I'm reading a very good book about the war in Afghanistan--called War, appropriately enough, by a journalist who was embedded there for a year, Sebastian Junger (also wrote The Perfect Storm). Happens I just read a bit about some of the guys going home on leave. One soldier was walking through an airport in Texas to get to a flight and some businessman got up and gave him his boarding pass--just switched with him. The soldier got to ride up in First Class and drink champagne. Cool thing to do.

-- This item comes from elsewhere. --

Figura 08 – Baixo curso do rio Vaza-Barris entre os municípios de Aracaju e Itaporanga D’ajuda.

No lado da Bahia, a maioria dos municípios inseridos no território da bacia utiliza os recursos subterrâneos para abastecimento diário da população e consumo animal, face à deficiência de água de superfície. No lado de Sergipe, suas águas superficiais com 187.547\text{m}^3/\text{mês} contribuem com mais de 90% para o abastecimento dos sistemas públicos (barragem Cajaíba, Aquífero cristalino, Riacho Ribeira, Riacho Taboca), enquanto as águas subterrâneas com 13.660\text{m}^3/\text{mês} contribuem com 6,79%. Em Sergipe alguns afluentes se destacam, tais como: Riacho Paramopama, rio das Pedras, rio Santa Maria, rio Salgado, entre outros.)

It also mentioned the care packages--and who doesn't like to open packages? They have long periods of mind-numbing boredom between those other periods of much worse. You may not think it would mean much, doing something like this, but it does. Things like this make a real impression.

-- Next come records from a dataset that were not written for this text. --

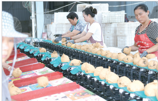
顺祺农业合作社工人们在分拣蜜梨
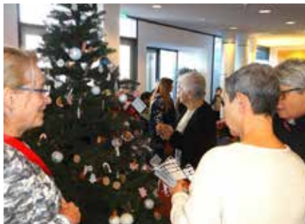
Mit der Unterstützung von netten KSK-Mitarbeiterinnen konnten Bewohnerinnen der Seniorenresidenz „Haus am Schlossberg“ ihre Wunschzettel am Weihnachtsbaum anbringen

Baum aufgebunden. Jeder Zettel trägt einen kleinen, persönlichen Weihnachtswunsch von Bewohnerinnen und Bewohnern der Seniorenresidenz „Haus am Schlossberg“ in Homburg, wie etwa ein warmer Schal, ein Lieblingsbuch oder Pralinen. Einige Bewohnerinnen und Bewohner der Residenz waren vor Ort, um beim Anbringen der Wunschzettel zu helfen und um wertvolle Momente mit den jungen Menschen zu teilen. So entstand gemeinsam ein lebendiger Ort des Austauschs, an dem Generationen zusammengekommen sind um Freude zu schenken und um einander zu
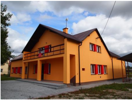
Dom Ludowy w Zabrnium

The other way, too. I was in Yellowstone Park a few years ago and got talking to a pair of Good Ol' Boys from Alabama riding tricked-out Gold Wing trikes. We were talking about where we'd been, what we'd seen. I said they should see Yosemite. One of them about spit on the ground and said he swore he'd never set his foot in California again in his life, based on the b.s. reception he'd had from the locals in S.F. airport coming back from Vietnam. I didn't even live in California then, but it made me feel pretty bad about my adopted state. Point is, I'd rather leave a good feeling with guys we owe so much to than a bad one.